(DATA SECTION Opens)
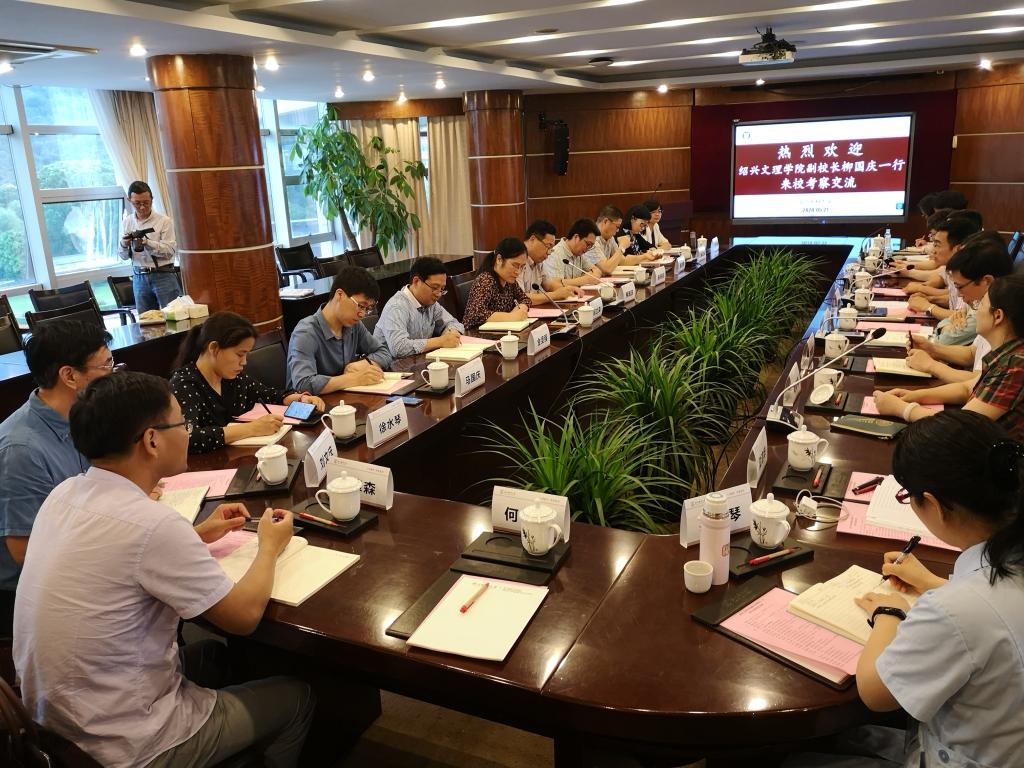 5月21日下午,绍兴文理肉漫屋 副校长柳国庆一行12人来校访问。我校副校长曹建明、教务处处长朱雪波、教师发展中心(教育督导与教学评估中心)主任陈永霖及肉漫屋 领导班子成员、相关科室负责人等,在同心楼四楼会议室与客人们进行了座谈交流。
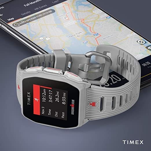 LIGHT GREY COLOUR, COMES WITH USB CHARGING CORD, HEART RATE WITH HR ZONES AND HR ZONE TRAINING, ONBOARD GPS AND GLONASS, 24/7 ACTIVITY TRACKER, STEPS, DISTANCE, CALORIES, SLEEP, WORKOUT MODES, SILICONE STRAP, 100FT WATER RESISTANT, CONNECTS TO PHONE, TIMEX SMART MOBILE CONNECTIVITY AND APP, TESTED, CHARGED, MANUAL AND ORIGINAL BOX INCLUDED, AMZ SES
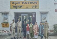 Diplomat Correspondent Kathua:DD, On 27th August 2025, during routine patrolling, the team of Police Station GRP Kathua found a child roaming at Platform No.1 of Railway Station Kathua. On questioning, the child disclosed his identity as Kanehiya, S/o Kapuri Thakur, aged 10 years, resident of Telyar, District Nalanda, Bihar, presently residing at Devla, P/S Surajpur, … Continue reading GRP JAMMU REUNITES CHILD FROM BIHAR WITH HIS PARENTS
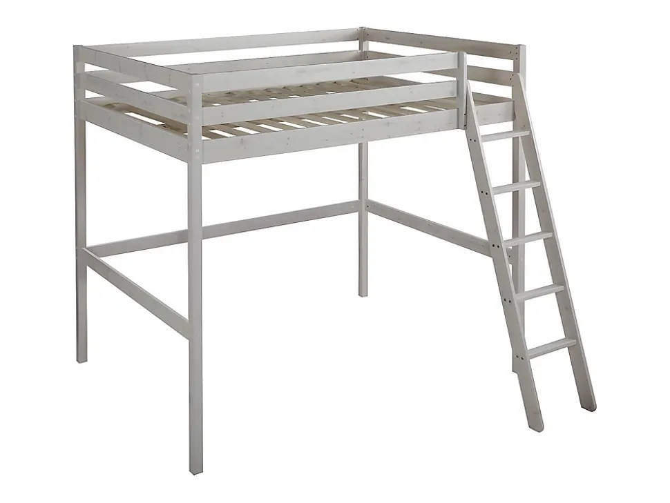 - Lit mezzanine 140 x 190 cm – Structure : Pin massif – Coloris : Blanc – Dimensions : L198 x P203,5 x H196,8 cm – Le lit mezzanine GEDEON II, la solution efficace pour un astucieux gain de place !
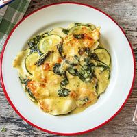 Vegetable lasagna with spinach and feta cheese
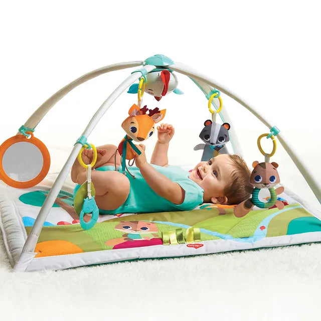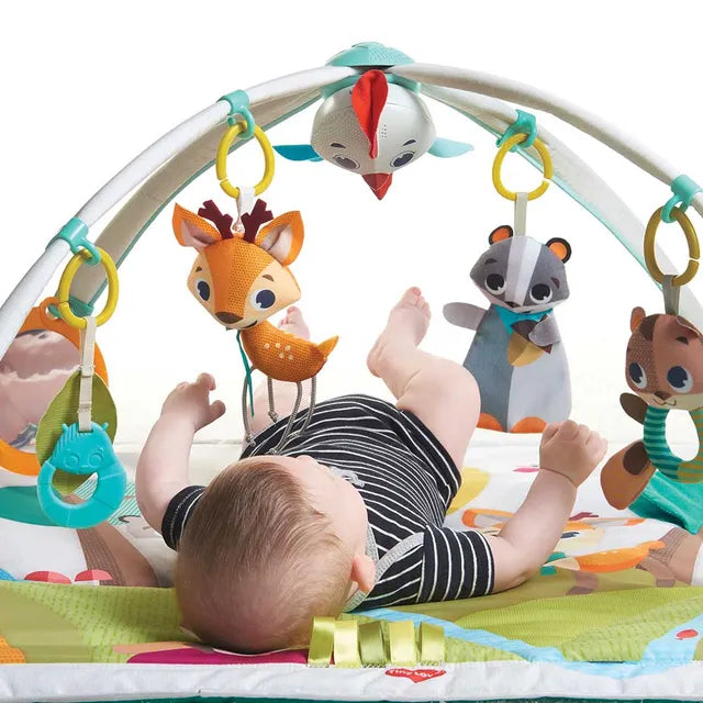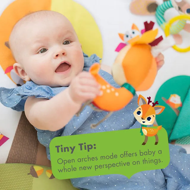 Uniquely desiged 2-in-1 baby activity mat with adjustable arches provides an adaptable environment for baby's continued growth and development. Electronic bird toy with engaging lights & music feedback, including 30 mins of music and 20 different tunes, can also be used as an adorable take-along. Selection of soft Into the Forest dolls and various activities will keep baby engaged and happy. Open arches mode offers baby a whole new perspective on things. The Gymini's various features have been carefully conceived to support babies 7 developmental wonders, including motor skills, visual and auditory cognition, and the senses. Part of the Into the Forest collection! Sharing those special Moments of Wonder with baby
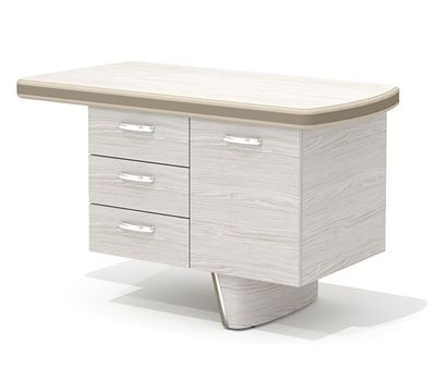 Боковая приставка стола New. Tone Nt-12R правосторонняя. Правая боковая приставка для стола Nt-210 выполнена из плиты МДФ, облицованной файн-лайн шпоном цвета дуб серебристый. Столешница имеет визуальную толщину 64 мм со скругленными торцами, покрытыми эмалью бежевого цвета (Ral 1019). Торцы столешницы дополнительно декорированы вставками из экокожи цвета стоун. Опора приставки выполнена в виде объемного короба треугольной формы с наклонной съемной панелью, обтянутой экокожей в тон вставок столешницы. Опора декорирована металлическим молдингом с покрытием хром глянцевый. В съемной панели используется магнитный крепеж. Тумба приставки оснащена отделением, закрытым распашным фасадом и секцией с тремя выдвижными ящиками, установленными на скрытые шариковые направляющие полного выдвижения. Дверь и ящики оснащены механизмами плавного закрывания. Лицевая фурнитура из металла с покрытием хром глянцевый. Внутреннее наполнение тумбы и корпуса выдвижных ящиков выполнены из ЛДСП цвета мокко. Днища ящиков обтянуты экокожей цвета стоун. Для нивелирования неровностей пола предусмотрены регулируемые по высоте опоры.
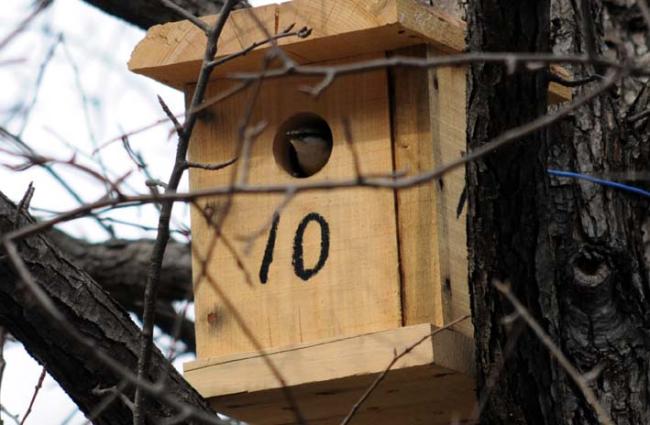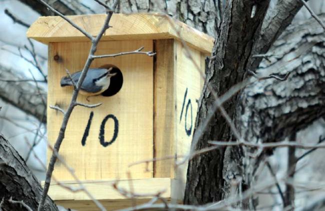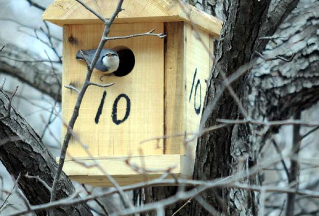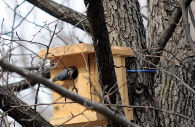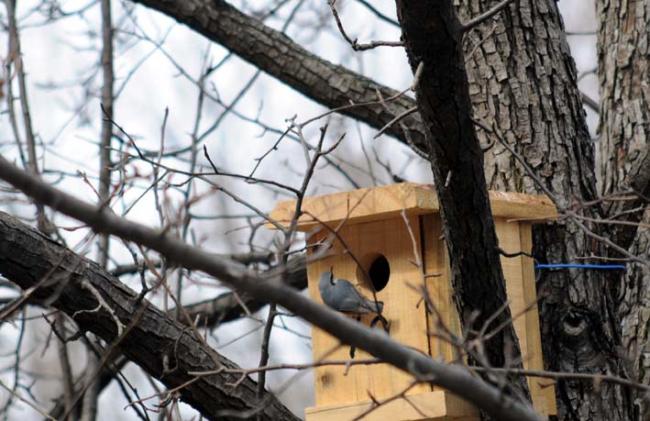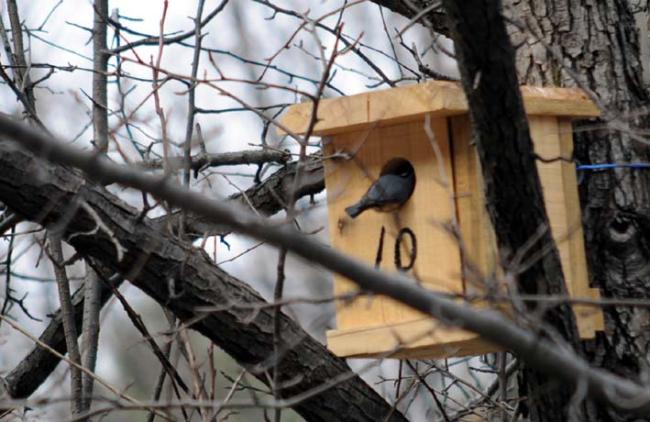 천진암 성지의 한국천주교회창립사연구소 마당 돌배나무에 아파트(새집)를 분양했더니, 입주자(새)가 와서 집을 살피고 있는데, 종류가 다른 새들이 교대로 드나든다. 어제는 배가 붉은 새였는데.(09.03.12)
(DATA SECTION Closes)
● ASSIGNMENT
Pictures stay out. Return exactly the lines from the one with "Боковая приставка стола" through the last line of the data.

● EXERCISE SOLUTION
 Боковая приставка стола New. Tone Nt-12R правосторонняя. Правая боковая приставка для стола Nt-210 выполнена из плиты МДФ, облицованной файн-лайн шпоном цвета дуб серебристый. Столешница имеет визуальную толщину 64 мм со скругленными торцами, покрытыми эмалью бежевого цвета (Ral 1019). Торцы столешницы дополнительно декорированы вставками из экокожи цвета стоун. Опора приставки выполнена в виде объемного короба треугольной формы с наклонной съемной панелью, обтянутой экокожей в тон вставок столешницы. Опора декорирована металлическим молдингом с покрытием хром глянцевый. В съемной панели используется магнитный крепеж. Тумба приставки оснащена отделением, закрытым распашным фасадом и секцией с тремя выдвижными ящиками, установленными на скрытые шариковые направляющие полного выдвижения. Дверь и ящики оснащены механизмами плавного закрывания. Лицевая фурнитура из металла с покрытием хром глянцевый. Внутреннее наполнение тумбы и корпуса выдвижных ящиков выполнены из ЛДСП цвета мокко. Днища ящиков обтянуты экокожей цвета стоун. Для нивелирования неровностей пола предусмотрены регулируемые по высоте опоры.
 천진암 성지의 한국천주교회창립사연구소 마당 돌배나무에 아파트(새집)를 분양했더니, 입주자(새)가 와서 집을 살피고 있는데, 종류가 다른 새들이 교대로 드나든다. 어제는 배가 붉은 새였는데.(09.03.12)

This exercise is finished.